Maybe. He was trying to tell me a while ago that I should try and get on the housing ladder before he's dead for security (he's 13 years older than me), but I've got no interest whatsoever tbh. And I certainly don't like the idea of making long term plans without him.

And it was his insistence that I bought the van now (in fact after one breakdown of the old one, he went into the dealer's and arranged it with just a quick afterthought phone call to confirm with me) I was happy to flog the old one for a year or 2 longer, and then I intended to buy second hand.

But he persuaded me that he'd got a great deal (he had) and it was totally worth paying out for new. But now he seems shocked the money has gone!

OP posts:
Fideliney · 07/07/2014 07:21

After my divorce I went from owner-occupying to HA (due to DV)

I didn't relax for the nearly 3 years I was renting from the HA. It just didn't feel as 'safe' to me, compared to how the mortgage had felt althought the house was lovely non-estate blah blah. As soon as I bought this place I calmed down, despite the mahoosive mortgage. I just feel more secure.
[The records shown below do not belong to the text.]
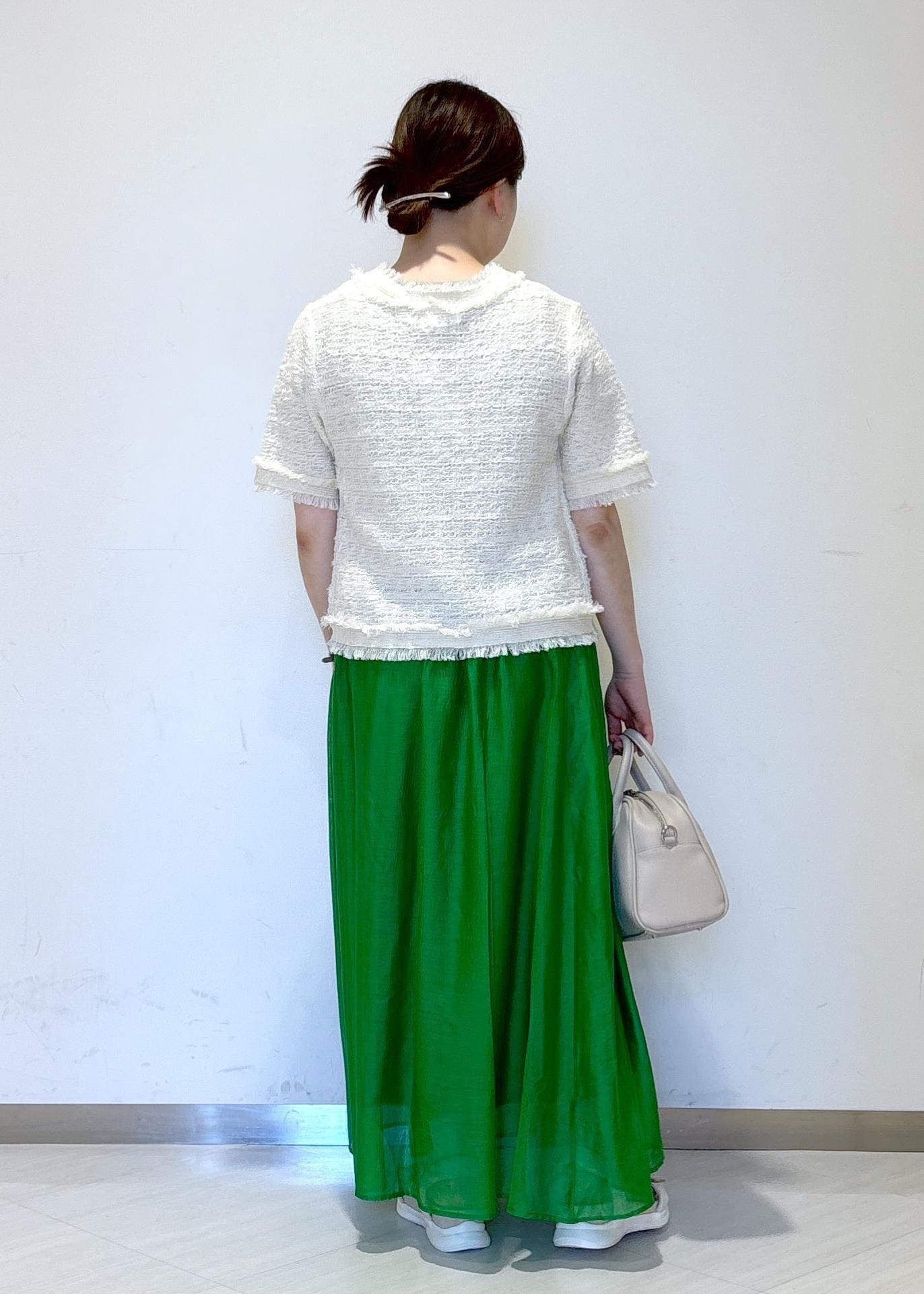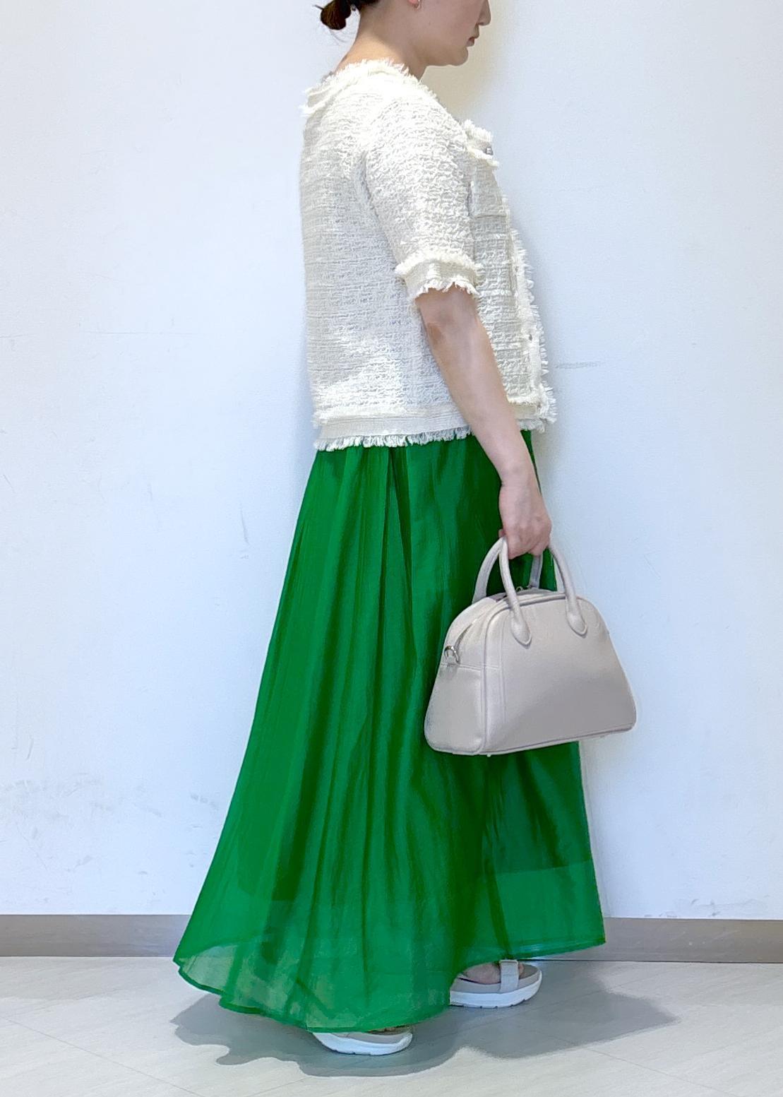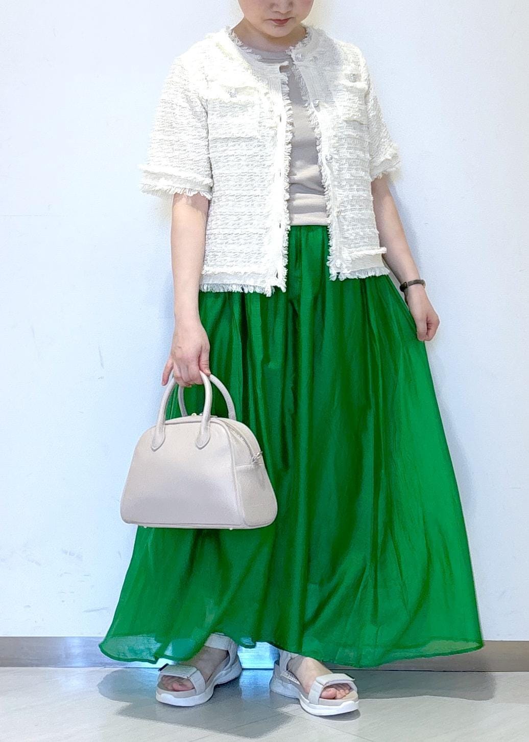 鮮やかなグリーンのスカートが爽やかに見せてくれるスタイリングです。
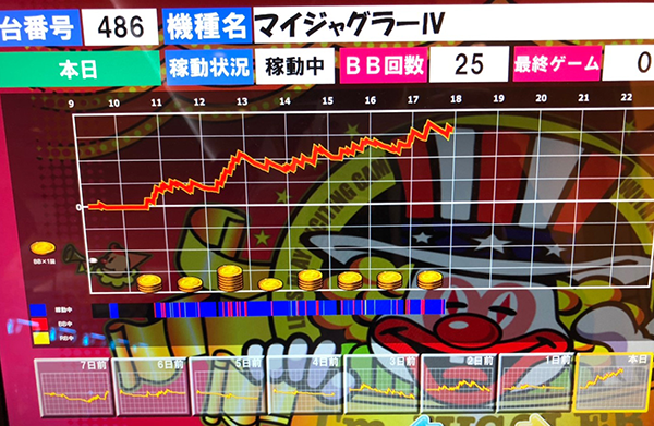 今回のアッパーは、486番台の【マイジャグラーⅣ】に出現した…
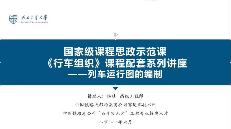 “课外导师进学堂”系列讲座是《行车组织》课程配套内容之一,除了讲解列车运行图的编制,后续还将结合课程的学习进度邀请现场工作人员、行业专家等为同学们带来多场线上、线下讲座。《行车组织》课程的总体思路、建设目标、教学内容、具体做法、评价体系等体现了这门课程深厚的交通情怀与丰富的思政内涵。
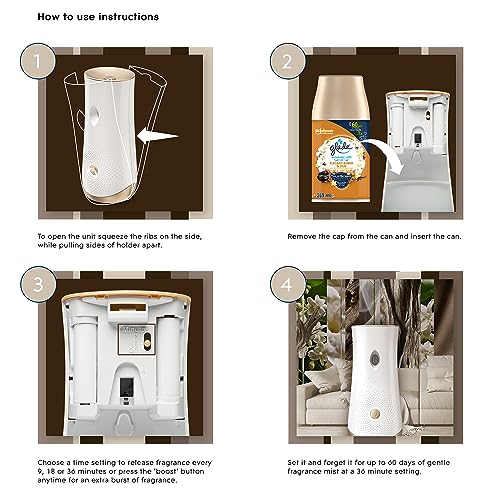 - Choose one of three time settings or press the button for an extra burst of fragrance anytime Up to 60 days of freshness
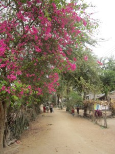 We made a few other stops, finally pulled off and bumped slowly down a dirt road. The landscape changed—more cows, bone white and skinny-ribbed, flowering trees I hadn’t seen elsewhere. The houses were suddenly different too—thatching for walls as well as roofs, so the structures looked furry, like animals.

Maybe he feels the same? (It is unusual-ish to go from owning to renting - it can feel a bit backwards)

He sounds like he prefers bought to rented (van) and he is feeling time pressure (talking about death).

Try and get him to talk. Maybe there's a compromise. Have you got the Right to Acquire? Maybe you could buy your existing house?

Fideliney · 07/07/2014 07:25

Alternatively, download something from Shelter to proved to him just how secure the tenancy is and do look at local house prices and do the sums to work out what would work out cheaper over a lifetime - rent or mortgage.

That might or might not work. Money and housing security are such emotional things.

He might also have concerns about leaving assets to the DC. What is normal in his family? Renting or buying?

Sleepytea · 07/07/2014 07:28

My DH is the same. I think he needs to know that our bank account is healthy so if anything unfortunate happens, we still have money to pay the mortgage, bills and food. So when we have a big spend, it seems to him that we've spent our emergency money. I just sit him down and show him lots of numbers so that he can see that things are not too bad.